Конечно, прозаичное, наукообразное слово «исследовать», хранящее след аналитического стиля автора, далековато и от сладкозвучного «бельканто», и от стихийной цельности… Но напомнил этот глагол, что лирике может быть присущ и известный аналитизм (пусть в специфическом преломлении), считающийся прерогативой прозы.
Строки написаны были, когда «век шествовал путем своим железным» и наступила, казалось, пора «последнего поэта». Когда мифологические представления, сформировавшие художественную метафорику и саму поэтическую грамматику, давным-давно перешли в сферу литературных приемов.
Хотя чистые приемы должны бы состариться, износиться и навсегда исчезнуть…
Но ведь почему-то напомнил тот же Баратынский о самых изначальных культовых истоках стиха, называя поэзию «святой», говоря о таинственной власти гармонии и о способности — подобно древним заговорам — врачевать болящий дух.

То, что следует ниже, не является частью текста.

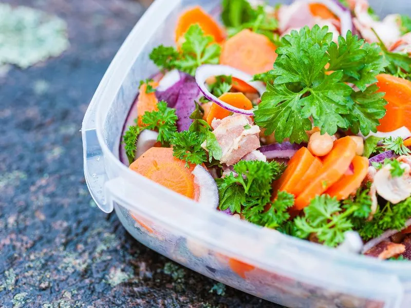 You can put together salads that keep in the fridge for a couple of days. Bagged coleslaw mixes can be used for several meals and will keep in the fridge for 3–4 days.

Вероятно, кроме вполне современного поэту романтического двоемирия, кроме тоски по гармонии, здесь обнаруживается отзвук архаических представлений об умении поэта космизировать мир через разъятие и последующее синтезирование, о способности странствовать как в светлом, дневном, так и в ночном, темном царстве вплоть до царства мертвых, что обнаружилось не только в мифе об Орфее, но и в позднейших грандиозных космогониях, картинах иных миров — от «Божественной комедии» до «Розы мира». Переход мифопоэтических представлений в эстетическую сферу — поэтику, стиль, литературные мотивы — не отрицает генетической памяти об этих воззрениях, не отменяет полностью их значимости, о чем определенно свидетельствуют стихи В.Ходасевича «Века, прошедшие над миром» (1912), где говорится о неизбежности Орфеева пути:
Века, прошедшие над миром,
Протяжным голосом теней
Еще взывают к нашим лирам
Из-за стигийских камышей.
И мы, заслышав стон и скрежет,
Ступаем на Орфеев путь,
И наш напев, как солнце, нежит
Их остывающую грудь.
Концовка же — о неизбежном разладе между очищенной во времени красотой мифа и надрывными, неприбранными страстями нынешнего века:
Но горе! мы порой дерзаем
Все то в напевы лир влагать,
Чем собственный наш век терзаем,
На чем легла его печать.
И тени слушают недвижно,
Подняв углы высоких плеч,
И мертвым предкам непостижна
Потомков суетная речь.
Вот тут где-то молодой поэт нащупывал то, что иногда называют диалектикой, соотношением, взаимодействием вечных тем и образов с новыми впечатлениями, то приращиваемыми к вечным, а то и вполне преходящими.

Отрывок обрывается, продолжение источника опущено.